The researchers in his lab nicknamed this device the mouse. “It was just what they called it affectionately,” Christina Engelbart said. Her father thought the name sounded unprofessional, so he christened it the “X-Y position indicator for a display system.” But with its wire tail and way of scampering across the desk, the gizmo was born cute. The name stuck.





Bill English, an engineer at the Stanford Research Institute lab in the ’60s, was instrumental in the design of the first mouse.

比尔·英格里希(Bill English)是20世纪60年代斯坦福研究所实验室里的工程师,曾经参与设计了第一只鼠标。

In Doug Engelbart’s lab, you also tried out a knee-operated pointer, right?

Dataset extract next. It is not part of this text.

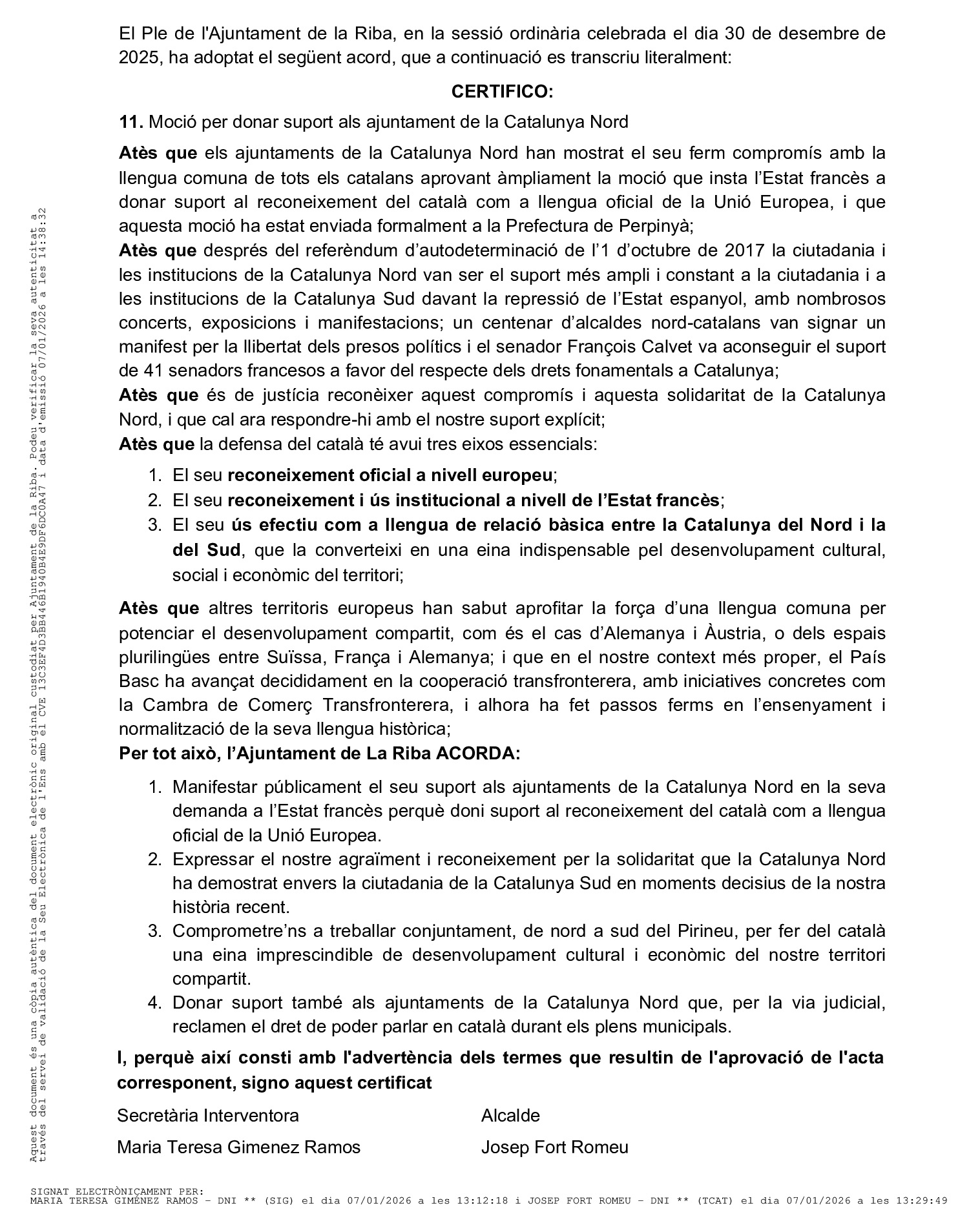 Avec cette approbation, La Riba rejoint l’ensemble des municipalités qui œuvrent pour la défense de la langue catalane commune et pour le renforcement des liens entre tous les territoires du pays.

Oh, yes, the knee pointer, in terms of functionality, turned out to be second only to the mouse.


The knee? Who knew?


The knee can be a good controller. You’re rotating your foot, so you can precisely move the cursor to the left or right, up and down. But of course it was impractical, because the device had to be built to fit the person who operated it.


What kind of design considerations went into the mouse?


One of the fundamental things you had to decide was the ratio of mouse movement to the movement of the cursor on the screen. I remember sitting there playing with a box on my desk and thinking, How far would I be willing to move my hand to make the cursor move across a line of text? That’s how I got a feel for how big the wheel ought to be.


So you had to figure out what kind of hand gestures would be ideal for moving the cursor?


Yeah, I just moved a box around the desk and thought, That feels about right.


Are we still using the same kind of hand movements?


Well, let’s see. I’m sitting here at my screen right now and moving my mouse. Yeah, it’s pretty much the same as the original one.